> **DATASET CONTENT**:
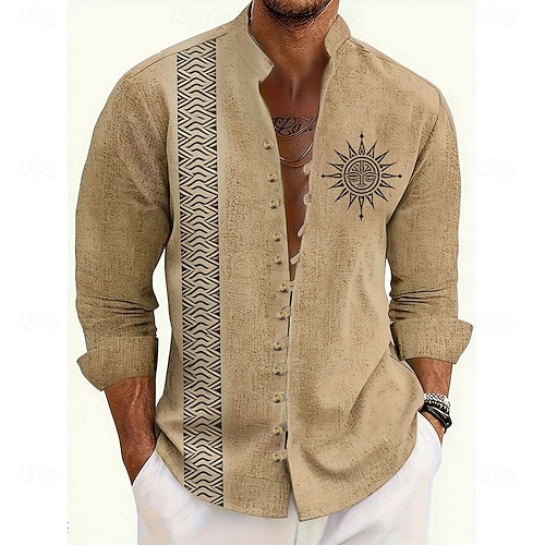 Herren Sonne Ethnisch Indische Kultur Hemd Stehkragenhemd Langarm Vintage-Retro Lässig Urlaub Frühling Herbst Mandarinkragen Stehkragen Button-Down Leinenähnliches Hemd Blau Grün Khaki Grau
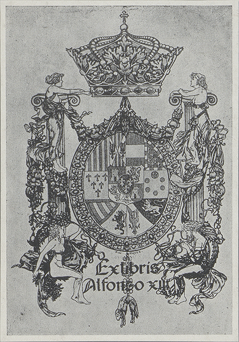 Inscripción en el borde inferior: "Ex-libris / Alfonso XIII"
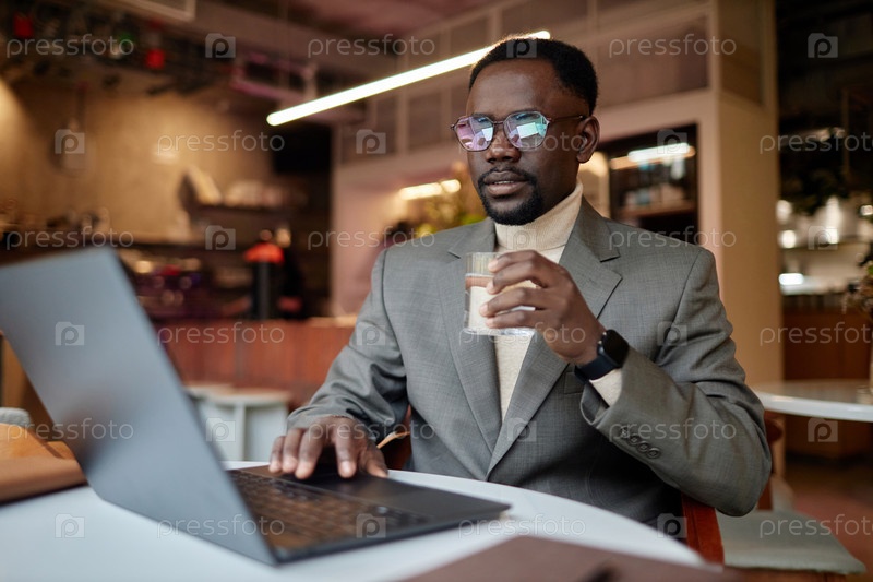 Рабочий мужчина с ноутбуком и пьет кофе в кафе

> **ACTIVITY**: Please give back every line above exactly as it stands, without pictures.

> **RESPONSE**:
 Herren Sonne Ethnisch Indische Kultur Hemd Stehkragenhemd Langarm Vintage-Retro Lässig Urlaub Frühling Herbst Mandarinkragen Stehkragen Button-Down Leinenähnliches Hemd Blau Grün Khaki Grau
 Inscripción en el borde inferior: "Ex-libris / Alfonso XIII"
 Рабочий мужчина с ноутбуком и пьет кофе в кафе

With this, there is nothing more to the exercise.